The two sides skirmished with fists, rocks and bottles as helicopters flew overhead. Riders were pulled from camels and horses, and injured demonstrators, many with bloodied faces, were carried away. Warning gunshots were fired and tanks were placed to keep the two sides separated, but neither move by the army had any effect.
Protesters earlier were seen rushing towards pro-Mubarak supporters to push them out of Tahrir Square, which has in recent days, become a symbol of liberation for protesters. From ABC News' vantage point on a roof of a building in Tahrir Square, the military was blocking about 2,000 pro-Mubarak protesters from entering.
Egypt's health minister said that three people died in the chaos and as many as 600 were injured, but anti-government activists said those numbers were low.

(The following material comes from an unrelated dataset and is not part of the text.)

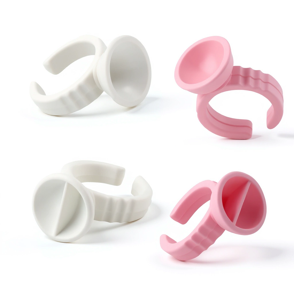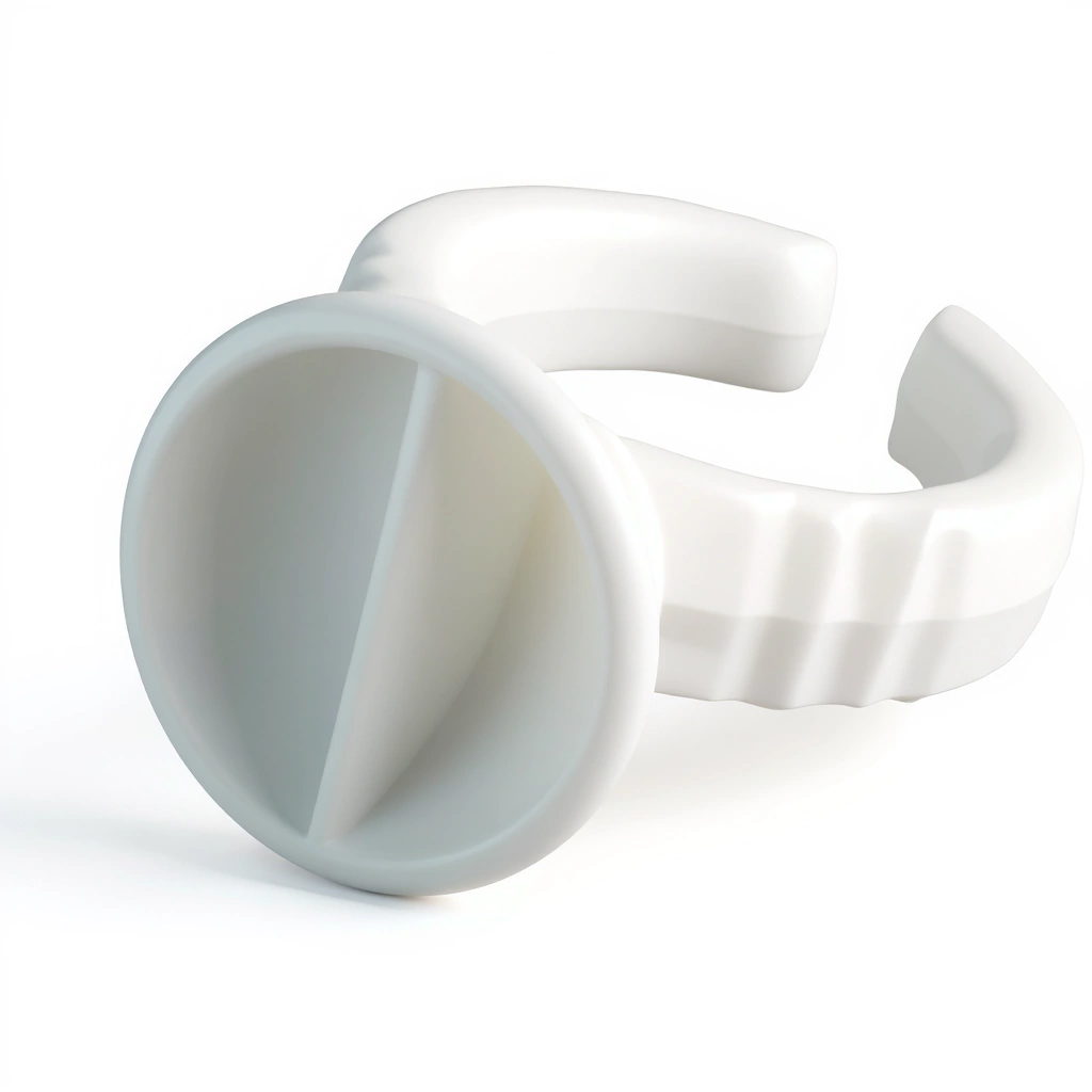 Anel batoque com cavidade rasa com e sem divisão, ideal para pequenas quantidades de cola ou pigmento. Minimiza o desperdício e facilita a limpeza.

Thousands of pro-Mubarak demonstrators converged on the city's center earlier today and clashed with the anti-Mubarak protesters who have occupied the city's main square for more than a week, demanding the president step down immediately. Pro-Mubarak demonstrators also lashed out at the foreign press, particularly Al Jazeera, who they blame for stirring the uprising.
An angry mob surrounded and chased the ABC News crew in a car today, shouting that they hate America. They kicked in the car doors and broke the windshield as we drove away.
Mubarak's supporters came out a day after the 82-year-old president announced that he will not run for reelection, but insisted that he would stay in office until elections are held in September.
The mood in Tahrir Square turned from jubilation on Tuesday to tension today, as demonstrators were sprayed with tear gas.